The researchers chose to test this hypothesis by targeting one such gene, called SIX1, which was highly overexpressed in the glioma progenitor cells. While this particular gene is active in the early development of the nervous system, it had not been observed in the adult brain before. However, SIX1 signaling has been associated with breast and ovarian cancer, raising the possibility of its contribution to brain cancer as well. This turned out to indeed be the case. When the researchers blocked -- or knocked down -- the expression of this gene, the tumor cells ceased growing, and implanted tumors shrank.

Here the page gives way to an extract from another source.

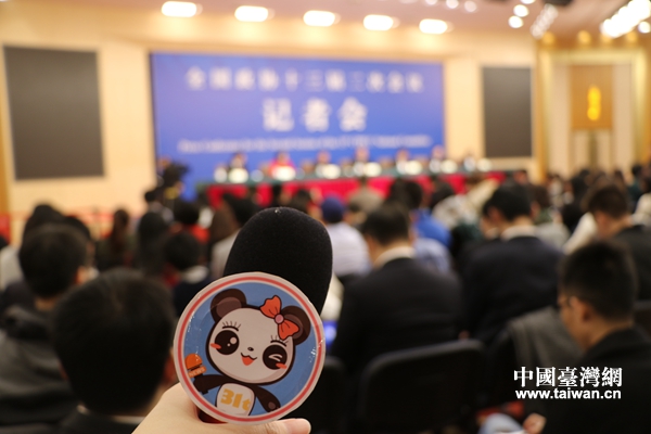 “融融”走進全國兩會新聞中心。(中國臺灣網 雍紫薇 攝)

"This study gives us a blueprint to develop new therapies," said Goldman. "We can now devise a strategy to systematically and rationally analyze -- and eliminate -- glioma stem and progenitor cells using compounds that may selectively target these cells, relative to the normal glial progenitors from which they derive. By targeting genes like SIX1 that are expressed at all stages of glioma progression, we hope to be able to effectively treat gliomas regardless of their stage of malignancy. And by targeting the glioma-initiating cells in particular, we hope to lessen the likelihood of recurrence of these tumors, regardless of the stage at which we initiate treatment."
Additional authors include Su Wang, Devin Chandler-Militello, Jaclyn Burch, Yazan Al Fanek, Danielle Davis, Abdellatif Benraiss, Mahlon Johnson, and Kevin Walter with URMC, Pragathi Achanta and Alfredo Quinones-Hinojosa with the Johns Hopkins University School of Medicine, Heidi Ford with the University of Colorado Denver, and Sridaran Natesan with Sanofi-Aventis Pharmaceuticals. Sim is now at the University at Buffalo School of Medicine and Biomedical Sciences. The study was supported with grants from the National Institute of Neurological Disorders and Stroke, the Dr. Miriam and Sheldon G. Adelson Medical Research Foundation, the New York Stem Cell Research Board, the James S. McDonnell Science Foundation, and Sanofi-Aventis Pharmaceuticals.